Ireland boss Martin O'Neill revealed his players practised penalties in anticipation of tomorrow night's do-or-die Dublin clash going right down to the wire.
After a goalless draw on the play-off first-leg meeting in Copenhagen, the Danes come to the Aviva Stadium knowing an away goal would require their hosts to score twice to snatch a ticket to Russia next summer.
That could see O'Neill's men playing almost as cautiously as they did on Saturday night, and the manager admitted the prospect of a shootout has been considered.
"We practised penalties," he said. "Some of the lads were practising... it's on the evening isn't it? That's the most important thing.
"I remember that great (European Cup) final between Liverpool and Roma. A couple of great Brazilian players, the best players in the world, downed tools and didn't take a penalty. At least we have people who want to take them and I think that's half the battle.
"I think you have to have to cover all eventualities. It only takes a second to score a goal.
"The minute a goal is scored in a game that eradicates a lot of things; it eradicates extra-time, penalty kicks and things like that. We may need a couple of goals in the game as well too because to keep out Denmark for two games might be tough."
A jam-packed Lansdowne Road will have its part to play too if Ireland are to make back-to-back major tournaments for the first time in 27 years.
Thousands travelled to Denmark at the weekend - the majority without tickets - to support the team, once again earning praise from the local authorities for their good humour and behaviour.

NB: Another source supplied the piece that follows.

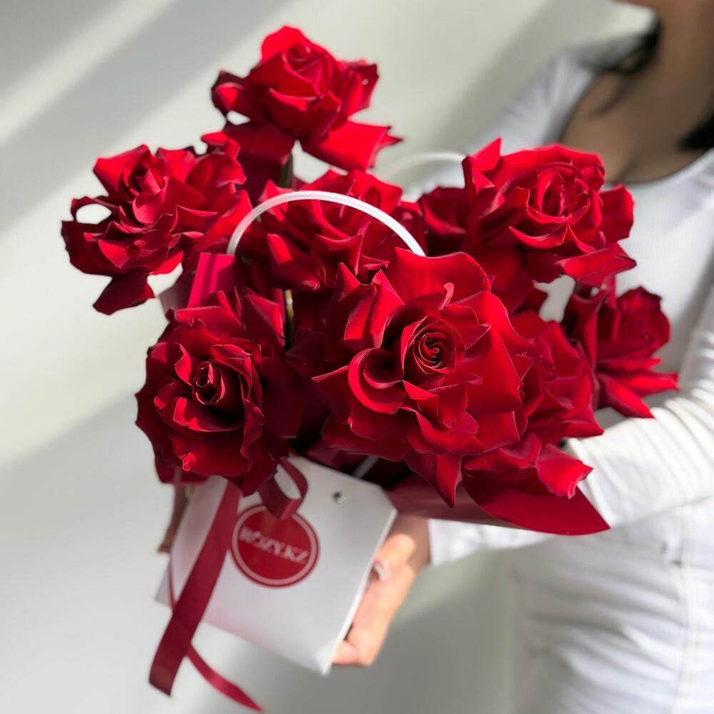 Роза Голландская - 9 шт. Упаковка дизайнерская - 1 шт. Оазис флористический - 1 шт. сумочка 1.2 - 1 шт.

O'Neill added to that praise, and highlighted the importance of the crowd on what is certain to be a nerve-jangling night under the lights.
"I am (proud). We had phenomenal number descend upon France. I think they came with awards. The fans have been absolutely fantastic. That's a lot of people... and a lot of drinking too beforehand.
"To behave themselves in that manner is a great credit to them The fans for the Republic of Ireland have been extraordinary.
"In the last the years of competitive football, the crowd have stayed with us in a really big way.
"Of course there are moments in the game where they will get frustrated with us... but I think they realise that the side is really well meaning and the one thing that I can absolutely guarantee from the players is that they have given absolutely everything - everything, you couldn't have asked for any more.
"I think from that viewpoint the crowd appreciate that and have done for the last couple of years."